§ **About this exercise**: Exact copies of the lines below, from the one with "(SEQ_BOARD.NEXTVAL, '여기는 숲속', '저는" up to and including the one with "Methods A and", are what this calls for; leave out pictures.

§ **Exercise inputs**:
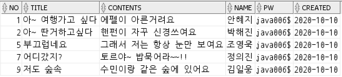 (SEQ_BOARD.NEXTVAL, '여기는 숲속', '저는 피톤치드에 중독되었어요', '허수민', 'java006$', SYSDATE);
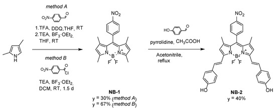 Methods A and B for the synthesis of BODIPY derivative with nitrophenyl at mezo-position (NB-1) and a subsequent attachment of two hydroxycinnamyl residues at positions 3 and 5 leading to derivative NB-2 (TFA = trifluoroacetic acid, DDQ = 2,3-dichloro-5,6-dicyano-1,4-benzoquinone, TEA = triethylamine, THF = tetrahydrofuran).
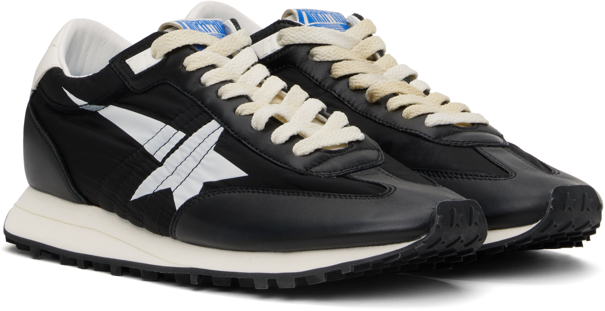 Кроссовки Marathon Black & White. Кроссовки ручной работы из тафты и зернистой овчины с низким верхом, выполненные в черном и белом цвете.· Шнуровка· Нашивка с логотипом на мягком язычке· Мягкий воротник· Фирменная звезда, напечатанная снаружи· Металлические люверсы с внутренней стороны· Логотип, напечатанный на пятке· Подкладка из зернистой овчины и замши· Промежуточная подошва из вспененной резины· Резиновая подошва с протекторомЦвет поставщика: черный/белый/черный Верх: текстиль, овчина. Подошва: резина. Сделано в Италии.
==
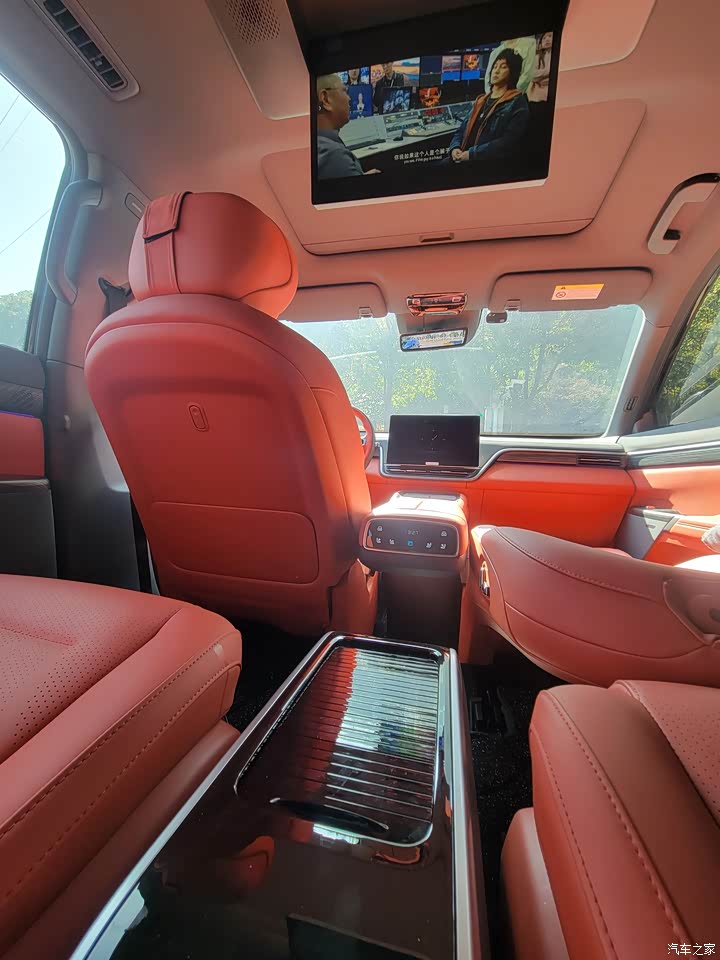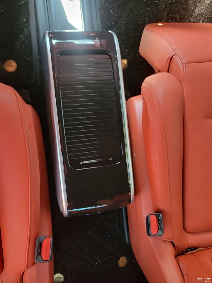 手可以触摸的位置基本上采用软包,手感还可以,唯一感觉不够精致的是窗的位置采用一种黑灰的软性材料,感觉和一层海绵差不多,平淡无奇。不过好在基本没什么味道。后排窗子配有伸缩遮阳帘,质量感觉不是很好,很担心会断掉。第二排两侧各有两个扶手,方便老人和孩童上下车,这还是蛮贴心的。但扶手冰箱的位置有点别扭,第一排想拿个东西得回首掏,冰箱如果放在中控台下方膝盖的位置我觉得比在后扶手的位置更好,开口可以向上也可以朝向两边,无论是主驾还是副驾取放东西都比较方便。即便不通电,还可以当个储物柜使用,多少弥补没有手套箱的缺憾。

§ **Problem solution**:
 (SEQ_BOARD.NEXTVAL, '여기는 숲속', '저는 피톤치드에 중독되었어요', '허수민', 'java006$', SYSDATE);
 Methods A and B for the synthesis of BODIPY derivative with nitrophenyl at mezo-position (NB-1) and a subsequent attachment of two hydroxycinnamyl residues at positions 3 and 5 leading to derivative NB-2 (TFA = trifluoroacetic acid, DDQ = 2,3-dichloro-5,6-dicyano-1,4-benzoquinone, TEA = triethylamine, THF = tetrahydrofuran).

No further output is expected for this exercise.